## Supplied data
####################
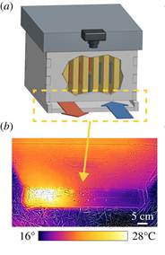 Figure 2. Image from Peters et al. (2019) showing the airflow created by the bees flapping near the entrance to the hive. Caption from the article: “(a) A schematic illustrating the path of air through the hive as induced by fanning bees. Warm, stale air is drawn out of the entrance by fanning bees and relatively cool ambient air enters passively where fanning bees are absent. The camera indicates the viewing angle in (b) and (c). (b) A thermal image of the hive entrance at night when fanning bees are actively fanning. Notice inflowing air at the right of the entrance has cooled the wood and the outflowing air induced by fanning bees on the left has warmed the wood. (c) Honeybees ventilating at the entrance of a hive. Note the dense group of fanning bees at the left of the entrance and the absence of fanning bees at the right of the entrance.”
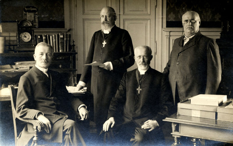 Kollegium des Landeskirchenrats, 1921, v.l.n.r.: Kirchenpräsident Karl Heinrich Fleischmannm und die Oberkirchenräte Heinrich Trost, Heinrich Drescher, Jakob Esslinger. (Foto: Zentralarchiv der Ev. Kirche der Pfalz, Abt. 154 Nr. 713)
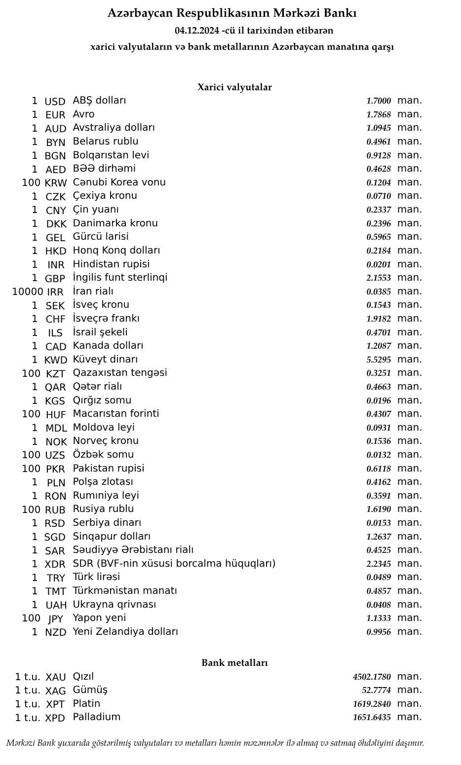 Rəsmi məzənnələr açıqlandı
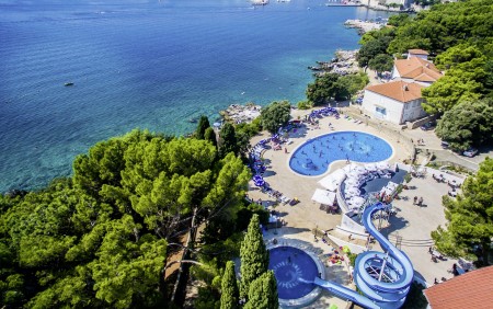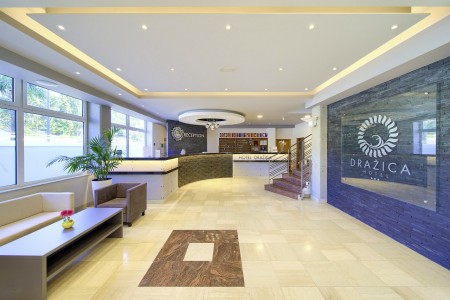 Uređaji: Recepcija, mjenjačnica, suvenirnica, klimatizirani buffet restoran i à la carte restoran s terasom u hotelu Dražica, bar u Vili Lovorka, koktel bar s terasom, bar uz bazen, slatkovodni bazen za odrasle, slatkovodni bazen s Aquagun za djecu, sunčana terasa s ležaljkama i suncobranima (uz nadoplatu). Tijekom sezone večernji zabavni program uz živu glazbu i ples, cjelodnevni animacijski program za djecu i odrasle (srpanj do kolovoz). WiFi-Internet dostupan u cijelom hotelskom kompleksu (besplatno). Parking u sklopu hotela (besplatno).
####################
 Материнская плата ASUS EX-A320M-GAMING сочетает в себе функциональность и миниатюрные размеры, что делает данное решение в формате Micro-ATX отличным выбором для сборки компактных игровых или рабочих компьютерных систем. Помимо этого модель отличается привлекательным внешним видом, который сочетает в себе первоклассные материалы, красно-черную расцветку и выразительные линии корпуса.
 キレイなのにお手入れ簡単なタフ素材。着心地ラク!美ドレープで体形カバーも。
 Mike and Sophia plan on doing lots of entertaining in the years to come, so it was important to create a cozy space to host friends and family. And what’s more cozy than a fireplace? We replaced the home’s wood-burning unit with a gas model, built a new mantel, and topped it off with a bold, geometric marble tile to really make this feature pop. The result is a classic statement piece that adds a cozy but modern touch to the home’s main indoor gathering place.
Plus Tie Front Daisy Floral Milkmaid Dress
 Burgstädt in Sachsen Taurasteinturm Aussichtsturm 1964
####################
## What is expected
All that should be written out is the stretch of lines above between the one holding "キレイなのにお手入れ簡単なタフ素材。着心地ラク!美ドレープで体形カバーも。" and the one holding "Burgstädt in Sachsen", inclusive, exactly as given.

## Answer to this task
 キレイなのにお手入れ簡単なタフ素材。着心地ラク!美ドレープで体形カバーも。
 Mike and Sophia plan on doing lots of entertaining in the years to come, so it was important to create a cozy space to host friends and family. And what’s more cozy than a fireplace? We replaced the home’s wood-burning unit with a gas model, built a new mantel, and topped it off with a bold, geometric marble tile to really make this feature pop. The result is a classic statement piece that adds a cozy but modern touch to the home’s main indoor gathering place.
Plus Tie Front Daisy Floral Milkmaid Dress
 Burgstädt in Sachsen Taurasteinturm Aussichtsturm 1964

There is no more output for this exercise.